- _WHAT THE EXERCISE ASKS_
The material below includes pictures; leave them out and return only the lines between the line containing "Pedro Cabrita Reis, Some" and the line containing "Fenton Daisy/Button Cat Milk Glass Slipper", inclusive, word for word.

- _DATA RECORDS_
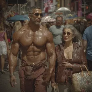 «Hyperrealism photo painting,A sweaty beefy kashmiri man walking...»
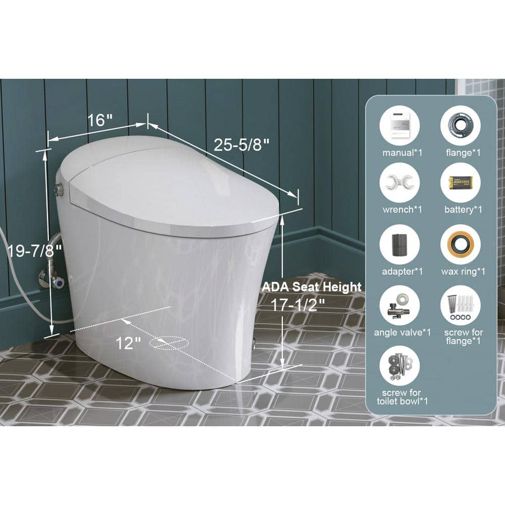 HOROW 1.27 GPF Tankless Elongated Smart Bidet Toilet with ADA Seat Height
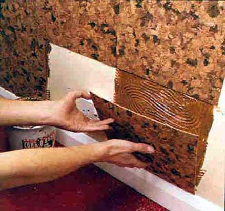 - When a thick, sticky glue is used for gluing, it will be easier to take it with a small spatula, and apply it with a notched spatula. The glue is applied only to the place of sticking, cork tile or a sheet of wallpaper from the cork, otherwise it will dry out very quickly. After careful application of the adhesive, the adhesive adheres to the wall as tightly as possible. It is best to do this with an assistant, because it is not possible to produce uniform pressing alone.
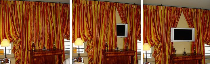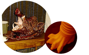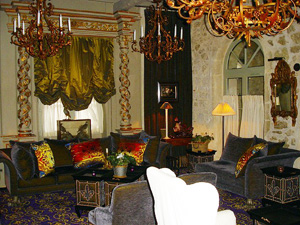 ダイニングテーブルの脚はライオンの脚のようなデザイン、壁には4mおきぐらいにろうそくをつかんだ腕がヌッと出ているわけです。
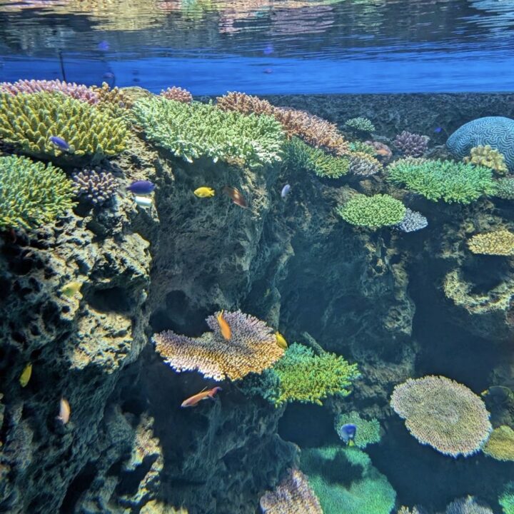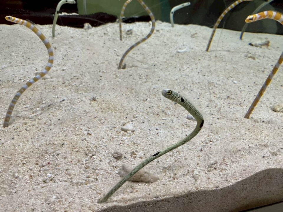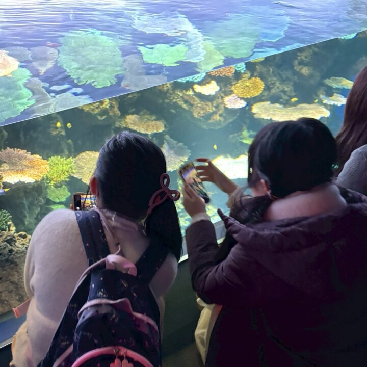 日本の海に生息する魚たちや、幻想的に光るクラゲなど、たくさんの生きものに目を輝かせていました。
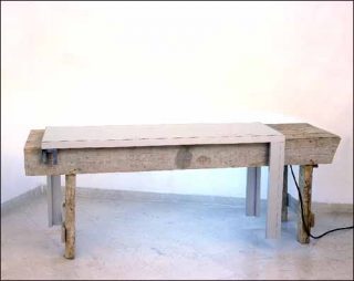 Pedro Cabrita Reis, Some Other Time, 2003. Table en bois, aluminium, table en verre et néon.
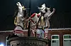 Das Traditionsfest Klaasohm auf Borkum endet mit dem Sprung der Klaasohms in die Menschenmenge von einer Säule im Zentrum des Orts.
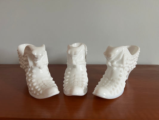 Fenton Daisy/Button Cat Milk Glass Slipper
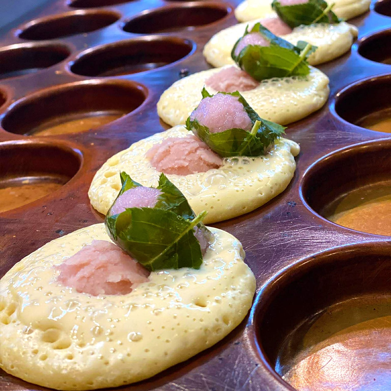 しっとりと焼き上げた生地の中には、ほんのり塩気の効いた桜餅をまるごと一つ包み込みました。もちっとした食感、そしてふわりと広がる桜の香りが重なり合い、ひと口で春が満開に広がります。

- _ANSWER TO THE PROBLEM_
 Pedro Cabrita Reis, Some Other Time, 2003. Table en bois, aluminium, table en verre et néon.
 Das Traditionsfest Klaasohm auf Borkum endet mit dem Sprung der Klaasohms in die Menschenmenge von einer Säule im Zentrum des Orts.
 Fenton Daisy/Button Cat Milk Glass Slipper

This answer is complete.